Over the past decade, the Sukhothai's graceful low-slung buildings, gardens, and lotus pools have been hemmed in by skyscrapers; its restaurant, Celadon, considered by many the best in town, has doubled in size. But it is still a fabulous place, more urban resort than hotel. The staff is good-looking, charming, and energetic. The public spaces and guest rooms all shimmer in Thai silk. My desk has a flat-screen computer with a high-speed Internet connection; the bathroom is big enough to get lost in. All the Sukhothai lacks is the riverside location of its main rivals for the carriage trade: the Peninsula, which opened four years ago, and the grande dame Oriental across the river.

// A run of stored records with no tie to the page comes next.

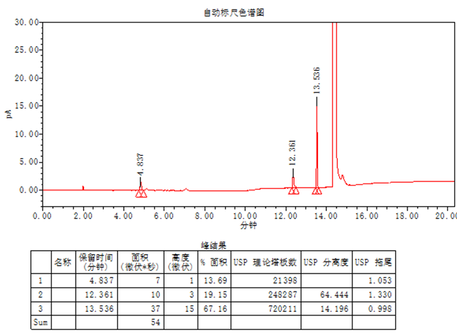 圖1 鹽酸鹽原料藥1號(hào)供試品GC色譜圖
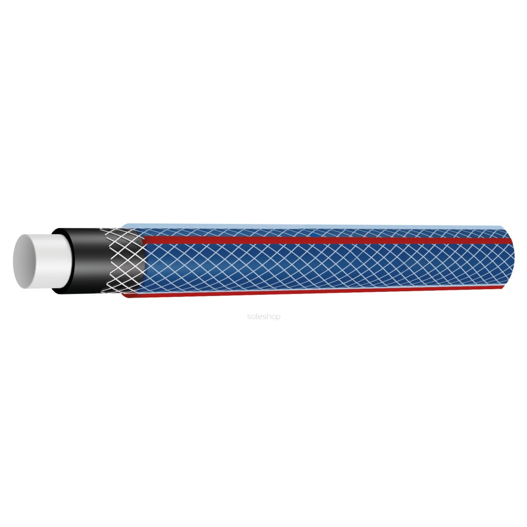 Hadice je vyrobena z velmi kvalitního vnějšího PVC anti-UV materiálu, křížového opletení ze syntetických vláken a vnější pružné PVC vrstvy.
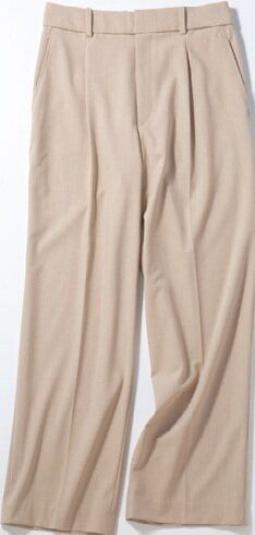〈ベージュのタックワイドパンツ〉オンもオフも無限に着まわせる神パンツ。ユニクロでバズリまくりの1本。ハイウエストかつほどよいワイドシルエットで美脚見えを実現。色もあらゆるトップスと合う!
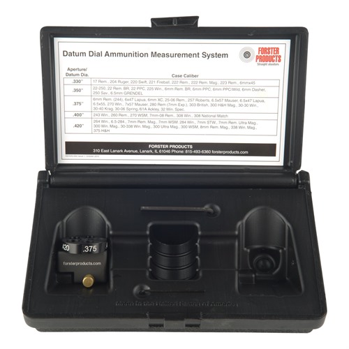 Il Datum Dial viene fornito con una custodia. Il kit include: Case Dial, Bullet/Cartridge Dial #1, Bullet/Cartridge Dial #2 e Storage Box. Dial #1 per diametri di proiettile .224, .243, .264, .284, .308. Dial #2 per diametri di proiettile .17, .204, .257, .338.

Thais call their capital Krung Thep, or "City of Angels," and like Los Angeles, it's sprawling, smoggy, and steamy—temperatures average in the low 90's from March to May (the world's hottest city, according to the World Meteorological Organization). Unlike L.A., though, Bangkok has a definite center: the sinuous curve of the Chao Phraya river, which begins at Wat Phra Kaew and the Grand Palace, sweeps past Wat Arun, River City, and Chinatown, and ends at the Taksin Bridge. When I first came here, I spent almost all my time on or near the river. This trip, though, I'm always on the Skytrain, heading north from the river to either Siam Square or Sukhumvit, Bangkok's two most happening neighborhoods, for dining, shopping, and gawking.

And what a change I find. Fifteen years ago, Bangkok fashion was all rip-off American; in the 1990's, it was counterfeit Japanese. Now Thai designers are drawing inspiration from their own cultural heritage. Even the old-guard Jim Thompson silk company, best known for its high-quality, conservative neckties and scarves, has introduced a collection of bold, contemporary furniture and accessories in traditional materials—such as silk and teak—by the London-based Thai designer Ou Baholyodhin. Many creative enterprises are collaborations between Thais and expats, who bring an outsider's appreciation for the culture. One of the most popular spots for dinner in Bangkok these days is Le Café Siam, where French-born executive chef Xavier Lecourt's menu draws from both French and Thai traditions.